Ask yourself the real reason he doesn't want to get divorced.

Regarding the I-864 issue. Frankly, he doesn't appear - assuming your words are reflecting his understanding - to realize exactly what his obligation is there and what he doesn't understand is how that obligation can drag on and on and on ad infinitum even with a property settlement already in her favor. He should not assume that civil court can or will override a federal obligation.

He needs an attorney, you need to take a good look at your own situation and it sounds like she is taking care of her business far better than he is right now.
 

Proserpina

Senior Member
It doesn't really matter what he is committing. She does not care about that anyway. He is already dealing with the situation, but doesn't know if to trust his lawyer, that is why I was asking about the date of separation. It's not easy to still my fingers when our relationship is being ruined by this BS. He shares things with me, and what am I supposed to do, just tell him something stupid like 'Everything's gonna be alright', or ask him not to involve me? We tried it, it doesn't work, because we live together. It's completely normal that I care for him and therefore want to help in any way I can.
That bit right there? That tells me that you want this divorce more than he does.

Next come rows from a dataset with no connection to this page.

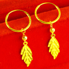 赛菲尔黄金耳环耳圈足金999.9耳钉叶子耳钩树叶耳饰时尚百搭送礼
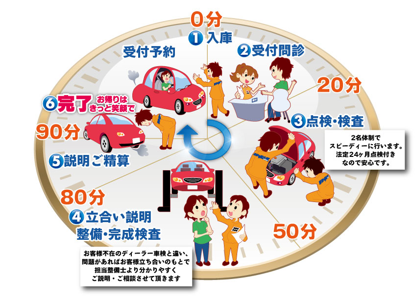 また通常90分での短時間車検の特徴として、点検終了時にお客様に実際にお車に立ち会って頂き、整備士から点検の結果についてのご報告をさせて頂きます。
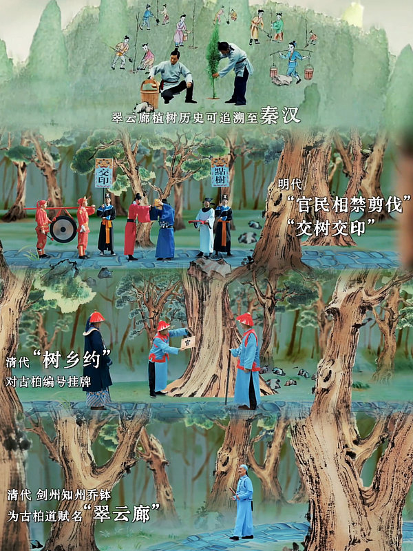 川臺(tái)用AI+國(guó)畫手法,還原了古蜀道與翠云廊的“成長(zhǎng)史”,展現(xiàn)“三百里程十萬樹”的生態(tài)與人文之美。
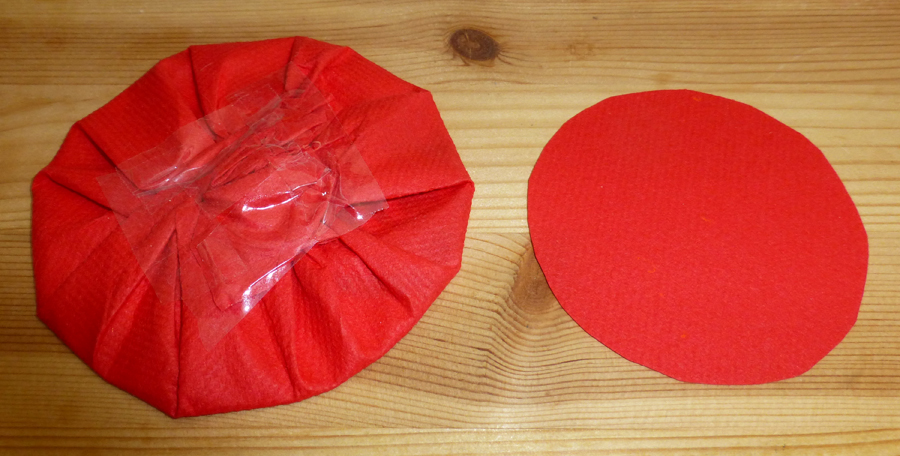 3) Utilisez le quart d’une serviette en papier de couleur rouge pour recouvrir votre cercle cartonné.

Otherwise, it wouldn't still be an issue - would it?
 

Ohiogal

Queen Bee
He was probably hoping she would come back, but she did not, and it was probably stupid of him to hope, he should have simply filed for divorce, but he didn't do it, because of the kids, in spite the fact that they have stopped living together. In her home country divorce would take 4 years. Are you seriously suggesting he would live alone all this time without any chance of finding a new partner and starting a new life? You are simply being judgmental.
What is the point in that?
The point is, he could have found a way to be in his children's lives since 2010 if he wasn't distracted by the woman who would commit adultery with him. Instead, he chose a bit of loose chick over his kids. That is sad for the kids. HE should be ashamed.
 

SESmama

Member
Wouldn't he be able to file for divorce in his own state since he is still a resident?

That tells me more that he doesn't really want a divorce. He just HAD to wait until she filed.

And if the kids have been living overseas all this time (or a majority of the time) a judge will be unlikely to overturn that since the ruling court would be their home country, not Cali.


And I am sure I will be corrected if wrong :p
 

anearthw

Member
He was probably hoping she would come back, but she did not, and it was probably stupid of him to hope, he should have simply filed for divorce, but he didn't do it, because of the kids, in spite the fact that they have stopped living together. In her home country divorce would take 4 years. Are you seriously suggesting he would live alone all this time without any chance of finding a new partner and starting a new life? You are simply being judgmental.
What is the point in that?
What's the point of not committing adultery? It's easier to facilitate a marriage separation/possible reunion and think clearly without backup plan B squawking in the background. You aren't his priority here, that much is obvious, too bad you are deluding yourself into thinking this is some amazing romance being held up by others screwing you over. If she changed her mind, you'd be gone in a second.
 

not2cleverRed

Obvious Observer
He was probably hoping she would come back, but she did not, and it was probably stupid of him to hope, he should have simply filed for divorce, but he didn't do it, because of the kids, in spite the fact that they have stopped living together. In her home country divorce would take 4 years. Are you seriously suggesting he would live alone all this time without any chance of finding a new partner and starting a new life? You are simply being judgmental.
What is the point in that?
Yes, that is EXACTLY what is suggested.

There is nothing wrong with living alone. NOTHING.